Penindakan ini dilakukan menyusul temuan sejumlah kasus keracunan serta kondisi fasilitas yang tidak memenuhi standar higienitas. Meski demikian, jumlah unit yang disanksi menunjukkan tren perbaikan dibanding periode sebelumnya yang sempat mencapai sekitar 3.000 unit.
Deputi Bidang Koordinasi Keterjangkauan dan Keamanan Pangan Kemenko Pangan, Nani Hendiarti, menegaskan bahwa fokus utama pemerintah saat ini adalah peningkatan kualitas layanan melalui perbaikan manajemen dan sistem pengawasan.
“Di 2026 ini kami fokus kepada peningkatan kualitas melalui pembenahan tata kelola. Di sisi lain, target intervensi dalam program Makan Bergizi Gratis juga harus tetap tercapai,” ujarnya.
Program Makan Bergizi Gratis (MBG) menjadi salah satu prioritas strategis pemerintah dalam meningkatkan kualitas sumber daya manusia sejak usia dini. Karena itu, keberadaan SPPG sebagai ujung tombak distribusi layanan gizi dituntut memenuhi standar keamanan dan kelayakan yang ketat.
Namun di lapangan, pemerintah menemukan sejumlah SPPG yang menghadapi kendala serius dan tidak dapat diperbaiki dalam waktu singkat. Untuk itu, pemerintah membuka opsi relokasi atau penataan ulang fasilitas melalui koordinasi intensif dengan Badan Gizi Nasional (BGN).
“Beberapa lokasi memang sulit diperbaiki dalam waktu cepat. Itu yang perlu dikonsultasikan, apakah perlu dipindahkan atau dicarikan solusi lain bersama BGN,” tambah Nani.
Sebagai langkah penguatan pengawasan dan koordinasi nasional, pemerintah juga tengah menyiapkan pembentukan pusat kendali atau National Command Center yang akan beroperasi di kantor Kemenko Pangan. Fasilitas ini ditargetkan mulai berfungsi pada pertengahan Mei 2026, dengan rencana peluncuran sekitar 17 Mei.
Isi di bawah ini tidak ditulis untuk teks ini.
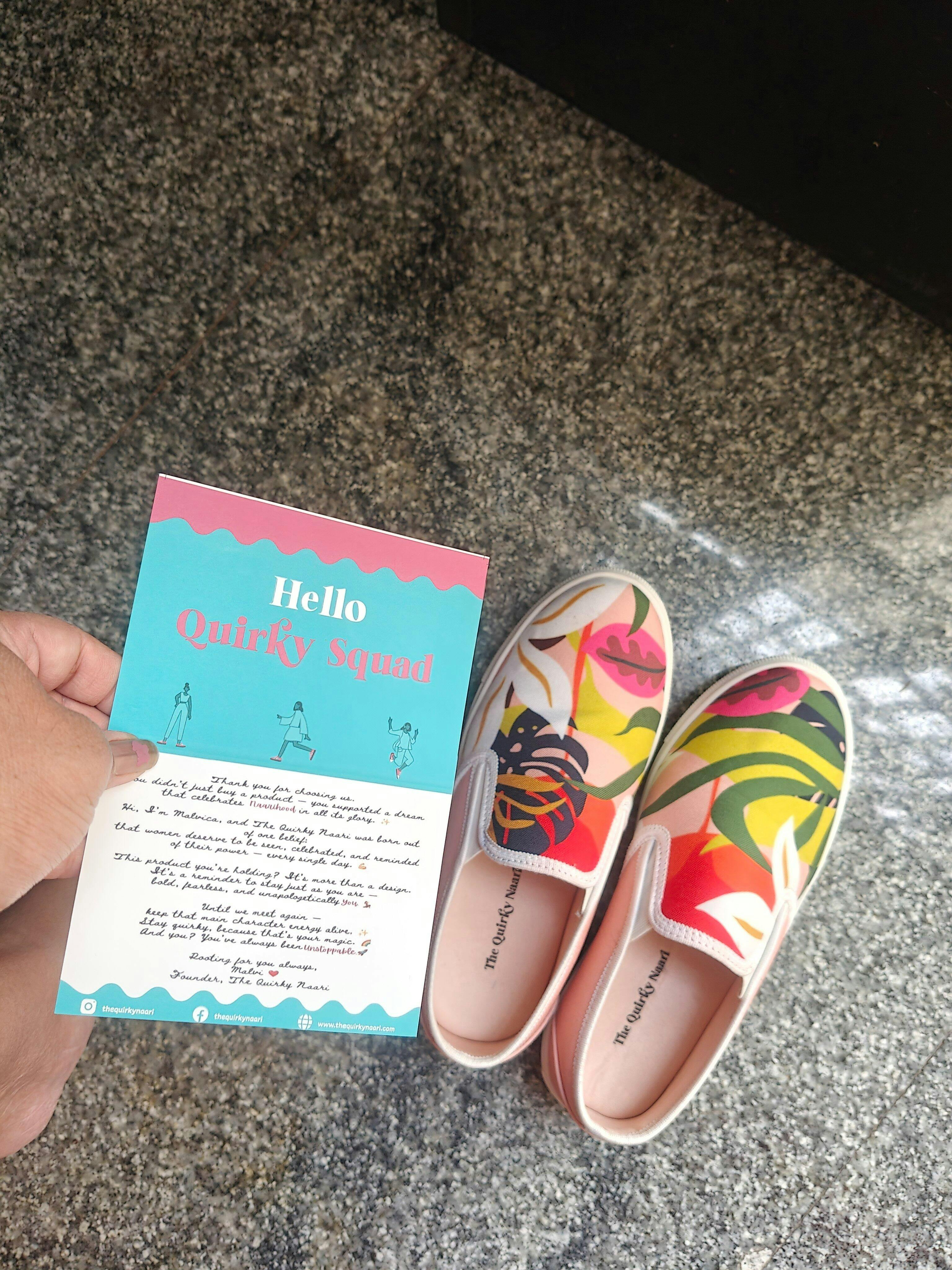 These Abstract Floral Printed Canvas Slip‑Ons are made for the art lovers, the day‑dreamers, and the souls who find magic in the unexpected. With a fresh color palette and lush botanical illustrations, it’s like walking through your own little garden — everywhere you go.
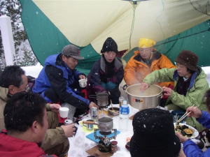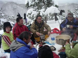 天候・雪量などから、「赤谷の頭」は、かなりの苦戦が予想されていただけに、いつもの宴会を簡単に、いやそのもの自体がないのではないかと、各人相当飲食物の軽量化に努めて来られたようであった。
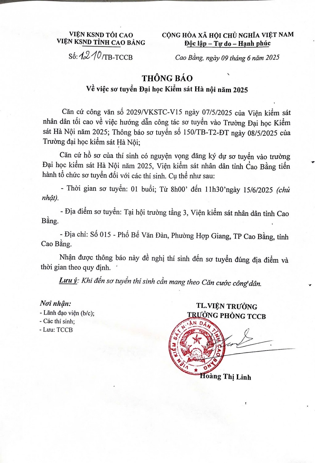 Thông báo về việc sơ tuyển Đại học Kiểm sát Hà Nội năm 2025
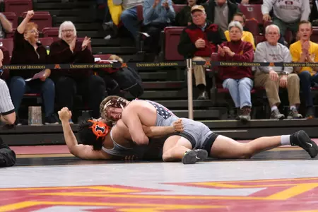 Minnesota would trail by as much as 9-2 through the first three matches, but a Rylee Streifel comeback victory in the heavyweight match swung the momentum back to the Gophers who won four of the next five matches.
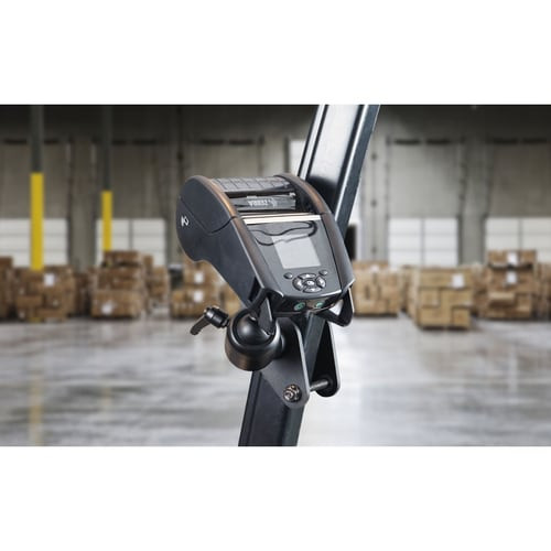 Support sécurisé pour imprimante mobile Zebra ZQ620, adaptable à tout support grâce au modèle de montage universel AMPs.
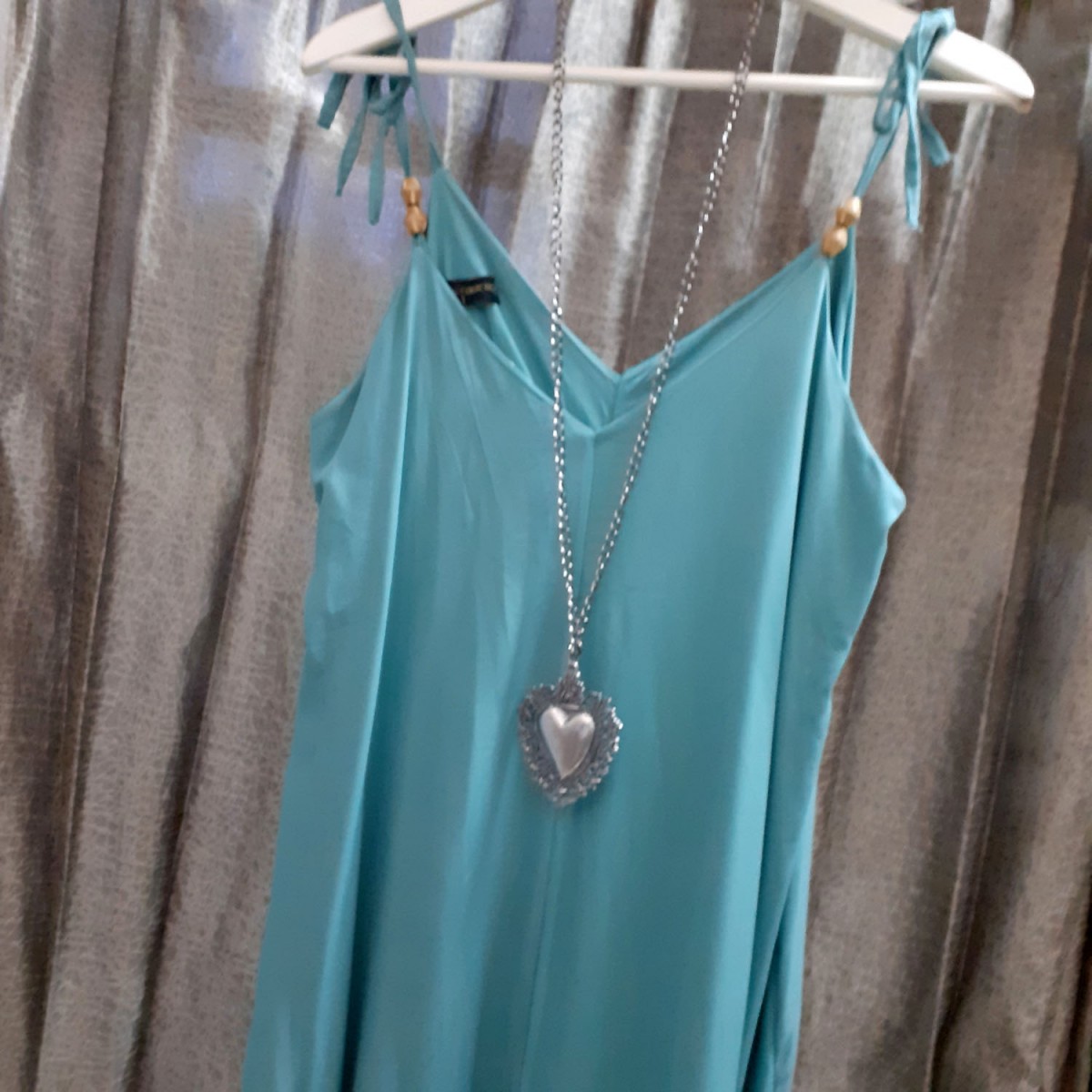 Tutina di cotone fresco e leggero con scollo a V profondo e spalline sottili regolabili impreziosite da perline....

Command center tersebut akan menjadi pusat integrasi data dan koordinasi pelaksanaan program MBG di seluruh Indonesia, melibatkan pemerintah pusat, daerah, serta berbagai pemangku kepentingan terkait.
Selain pembenahan fasilitas, pemerintah juga menaruh perhatian pada aspek edukasi, khususnya terkait penyusunan menu sehat dan aman. Langkah ini diharapkan mampu menekan potensi insiden kesehatan sekaligus meningkatkan kualitas konsumsi gizi masyarakat secara berkelanjutan.
Dengan pengetatan pengawasan dan perbaikan menyeluruh, pemerintah optimistis kualitas layanan SPPG akan meningkat signifikan. Upaya ini diharapkan tidak hanya mencegah kejadian serupa terulang, tetapi juga memastikan program MBG berjalan optimal dalam mendukung generasi Indonesia yang lebih sehat dan berkualitas.